Healthy primary teeth
A healthy set of primary teeth

Teething

The first primary tooth usually erupts at the age of 6 months. However, this can vary, and it is not unusual to find some children who do not have a single primary tooth until the age of 10 months and onwards. By age three, all primary teeth are present in the mouth.

When teething, your child may drool more and be more irritable. He/she may experience mild discomfort in the gums. Teething rings can help the teeth to cut through and alleviate the need to bite on things.
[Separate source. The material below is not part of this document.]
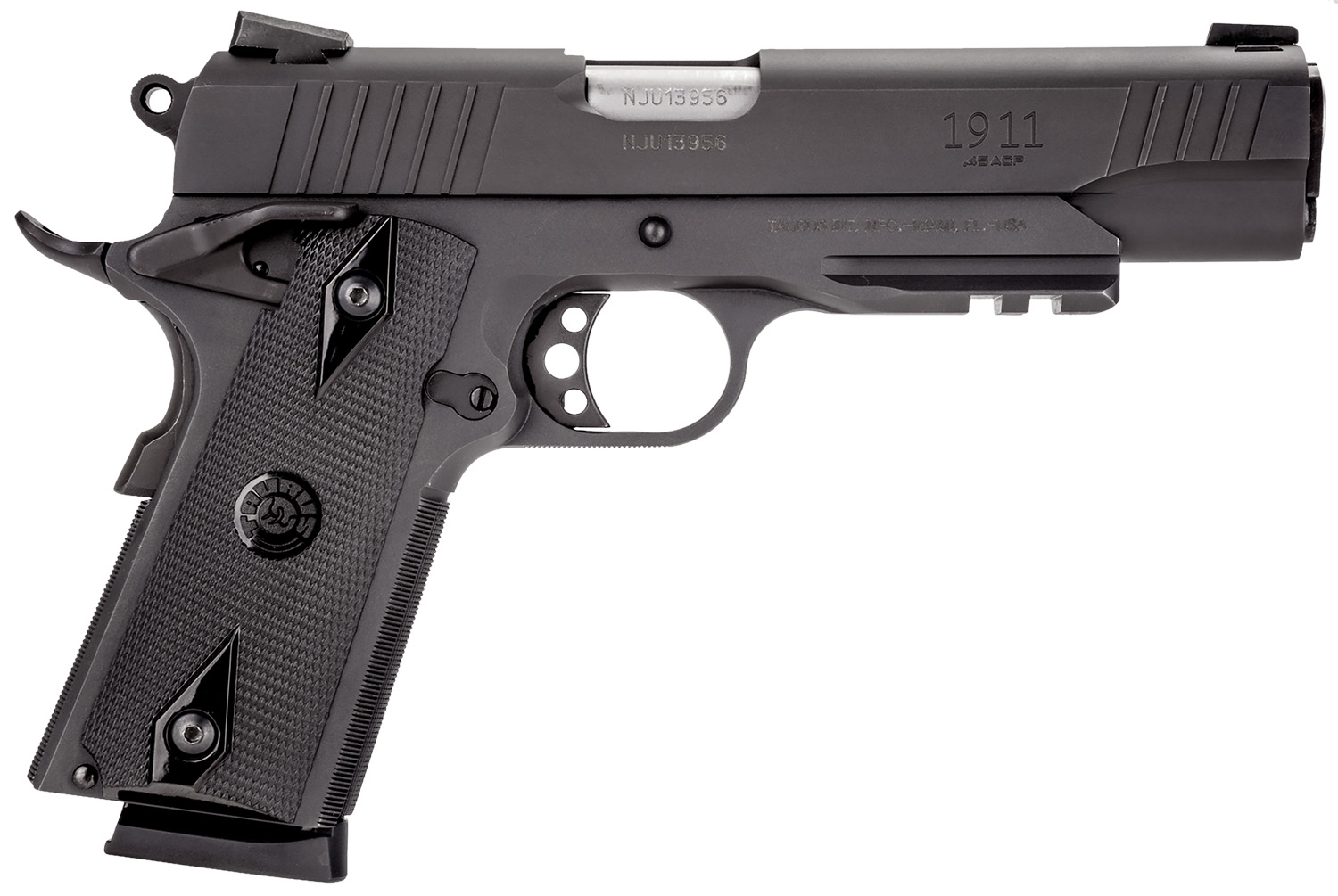 Taurus 1191101B1 1911 Full Size Frame 45 ACP 8+1 5″ Matte Stainless Steel Barrel, Matte Black Serrated Steel Slide & Frame w/Beavertail & Picatinny Rail, Black Checkered Polymer Grip, Right Hand

In severe cases of discomfort, teething balms can be applied over the gum; however, be aware that some of these contain sugar which may increase the risk of dental decay.

Oral Hygiene

You should clean your infant's tooth the moment it erupts into the mouth. Use a clean towel and water to wipe the teeth after every feed.

When the back teeth have erupted, you can use a toothbrush. When the child can spit (usually around 2 years old), you can use a pea-sized amount of children's fluoride toothpaste. Children's toothpaste contains less fluoride.

Feeding Practices

1) Avoid letting your infant go to sleep with a bottle of milk, juice or sweetened liquids. Also, demand breastfeeding - allowing the infant to fall asleep at your breast - is not recommended. Such practices may increase your child's risk of developing Baby Bottle Tooth Decay, a severe form of decay.
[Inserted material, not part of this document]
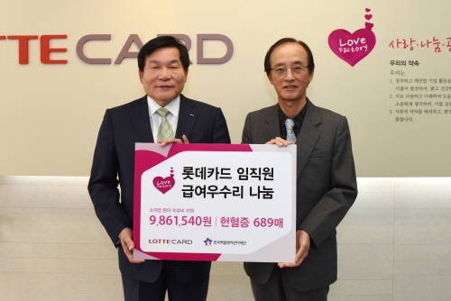 롯데카드는 2011년부터 임직원 사회공헌기금을 적립해 매년 조성된 기금을 어려운 이웃을 돕는데 사용하고 있다. 한국백혈병어린이재단 부산 나음소아암센터는 부산지역의 소아암 환아들을 위한 심리 치료 및 상담 등의 서비스를 제공하는 곳으로 올해 마련된 임직원 사회공원기금과 헌혈증은 소아암 환아 치료를 지원하는데 사용될 예정이다.

The frequency of such practices, the type of liquid in the bottle and the standard of oral cleanliness in both child and caregiver are important factors when determining the risk of developing this decay.

2) Wean the infant from the milk bottle by age 1.

3) Teach him to use a training cup.

Oral Habits

The first year of life is the oral phase. An infant would explore by putting things into his/her mouth. This includes sucking on digits or pacifiers.

Prolonged use of pacifiers or thumb-sucking can result in misaligned anterior teeth (i.e. an open bite). Early discontinuation of the habit will result in spontaneous correction.